D : Ne risque-t-il pas d’y avoir des formes de savoir/pouvoir qui s’exercent sur les personnes socialement opprimées de cette manière ?

Là encore la posture éthique est importante. Elle repose sur la problématisation sociale et la pratique dialogique qui permet de produire une « synthèse culturelle » à partir de l’expression de l’expérience sociale vécue des personnes et des savoirs scientifiques critiques issus des sciences sociales.

L’expérience du croisement des savoirs initiés par ATD Quart monde constitue un exemple de ce type de dialectisation des savoirs qui vise à empêcher des rapports de savoir/pouvoir entre un groupe social et un autre.

D : Est-ce que l’importance accordée par l’approche critique aux dimensions sociales structurelles de la situation ne conduit pas à délaisser l’accompagnement individuel au profit exclusivement de l’accompagnement collectif ?

Il est tout à fait possible de mener un accompagnement individuel basé sur les approches critiques, mais il est important de ne pas se centrer seulement sur les perspectives d’action qui sont tournées vers des possibles individuels, mais également vers un engagement collectif.

D : Est-ce que l’approche critique ne conduit pas à déresponsabiliser les personnes, à les maintenir dans une situation de victime impuissante, à leur donner une vision fataliste de leur situation ?

L’approche critique ne s’appuie pas seulement sur une analyse sociologique des conditions sociales , mais se double d’une philosophie de l’émancipation. Les questions relatives à la liberté, aux choix et à la responsabilité ne relèvent pas de la psychologie (ou même de la psychanalyse), mais sont des domaines qui relèvent de questionnement philosophiques.

Il y a un danger à les présenter comme découlant de sciences positives dans la mesure où les connaissances scientifiques nous permettent de décrire et d’expliquer la réalité, mais ne permettent pas d’orienter un devoir-être.
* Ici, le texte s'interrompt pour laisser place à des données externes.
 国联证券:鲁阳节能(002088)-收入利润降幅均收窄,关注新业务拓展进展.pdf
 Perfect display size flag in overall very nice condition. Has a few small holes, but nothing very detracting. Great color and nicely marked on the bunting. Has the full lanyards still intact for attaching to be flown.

Le rôle des travailleurs/ses sociaux est d’aider les personnes à problématiser leur situation, à réfléchir aux choix possibles dans le cadre d’une situation sociale donnée, mais non pas d’essayer de transformer les personnes en elle-même par une action.
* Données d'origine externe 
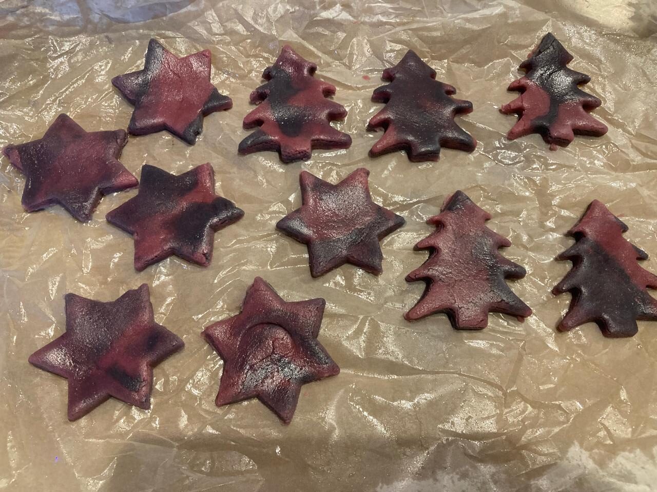 - Дальше Вы придаете задуманную форму будущего печенья либо выдавливая печеньки формами для печенья, либо вырезая ножом. Тут полный полет Вашей фантазии.
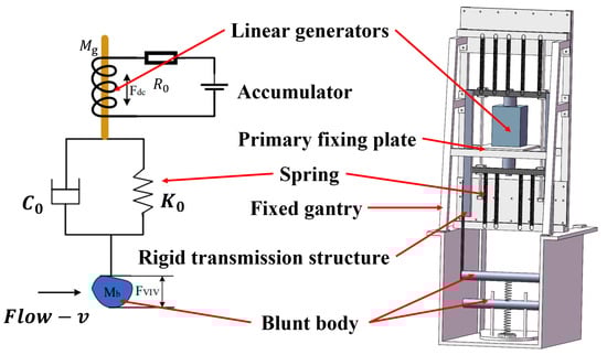 When a fluid flows through a non-streamlined body (called a blunt body), the alternately shedding vortices formed downstream of it generate a cyclical lift force acting on the blunt body, causing the elastically mounted blunt body to undergo a periodic vibration, which further modifies the formation and shedding of vortices []. This interaction between the fluid and the structure is called vortex-induced vibration (VIV), which is a nonlinear, wide-range, fluid-in-motion (FIM) phenomenon with multiple degrees of freedom []. Since the vortex-induced vibration phenomenon contains a large amount of vibrational energy, it can capture hydrokinetic energy from lower-velocity currents and convert it into mechanical and electrical energy.
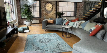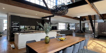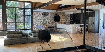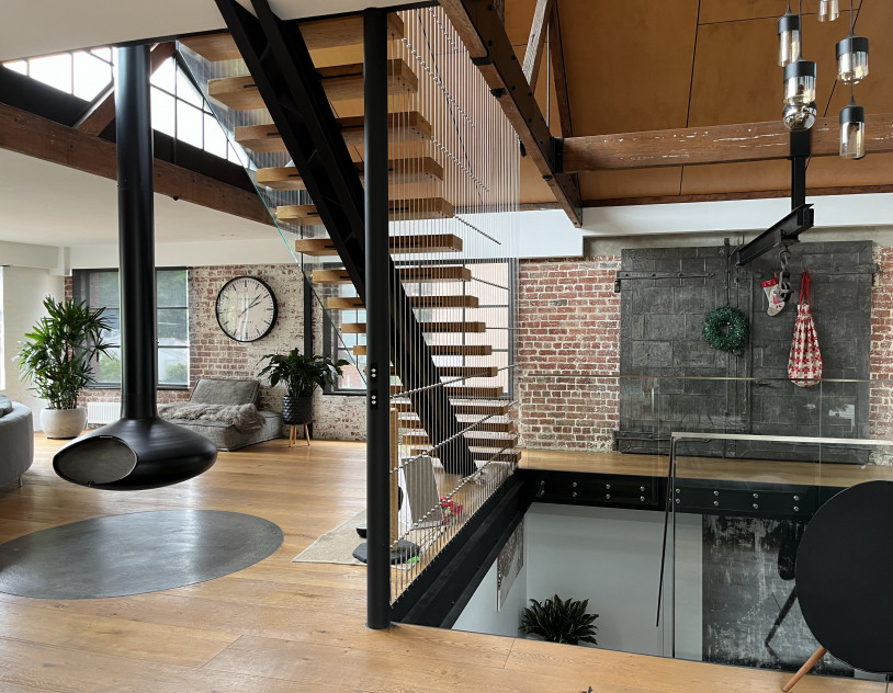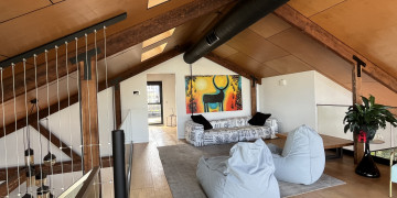 The vibrant living area features modern furnishings, pops of colour, and greenery, blending warmth with industrial chic. Large industrial windows flood the space with daylight, making it ideal for natural-light photography or cinematic storytelling. The top-level loft area, with its vaulted ceilings and cozy furnishings, provides a serene yet stylish setting for interviews, editorial shoots, or brainstorming sessions.
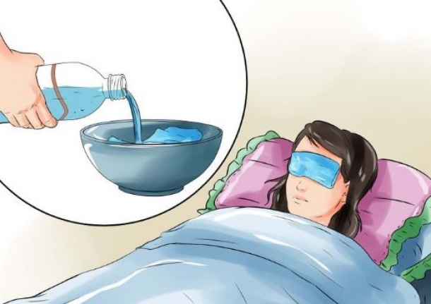 Înmoaie o cârpă curată în apa respectivă şi aplic-o peste pleoapa închisă a ochiului afectat.

D : N’y a-t-il pas le risque en travaillant sur la question de l’aliénation sociale subjective de présenter les personnes comme inconscientes de leur oppression et d’avoir besoin des travailleurs/ses sociales pour les conscientiser sur leur propre situation ?

Il ne s’agit pas de considérer que les personnes sont inconscientes de leur situation d’aliénation (sauf très rares situations mettant en danger la personne dans son intégrité physique et morale).

Dans la plupart des cas, les personnes sont conscientes de leur situation d’oppression. En revanche, elles peuvent avoir besoin d’aide pour comprendre pourquoi elles ne parviennent pas à agir sur leur situation et quelle peut être leur marge de manœuvre.

Ces empêchements à agir se trouvent dans la réalité matérielle extérieure à la personne. Mais, ils peuvent également en partie résulter d’une intériorisation des rapports sociaux de pouvoir par la personne.

Ces rapports sociaux de pouvoir intériorisés n’ont rien à voir avec la personnalité intrinsèque du sujet. Ce sont des éléments externes qui ont été intériorisés.

Il ne s’agit pas de rejeter la socialisation. Tout être humain est socialisé. Cela ne constitue pas une aliénation sociale subjective.

Sur le plan philosophique, il est difficile de savoir s’il existe ou non une subjectivité irréductible à toute socialisation. C’est sur cette subjectivité en partie irréductible au biologique et au social que s’appuie l’idée de réalisation de soi authentique. Mais cette dimension de la subjectivité échappe à l’intervention du travail social.

De son côté, l’aliénation sociale subjective se produit lorsque le sujet intériorise les rapports sociaux de pouvoir et s’y conforme. Cela peut être le cas par exemple lorsqu’un homme s’identifie à une forme de masculinité hégémonique toxique. Cela peut être le cas lorsque une personne homosexuelle est confrontée à de l’homophobie intériorisée.

L’intervention sociale peut interroger le projet du sujet qui se présente comme authentique, mais qui n’est peut être qu’une construction intériorisée par des rapports sociaux de pouvoir. L’objectif n’est pas alors de changer la personnalité en soi du sujet, mais plutôt de mettre à jour les rapports sociaux de pouvoir intériorisés.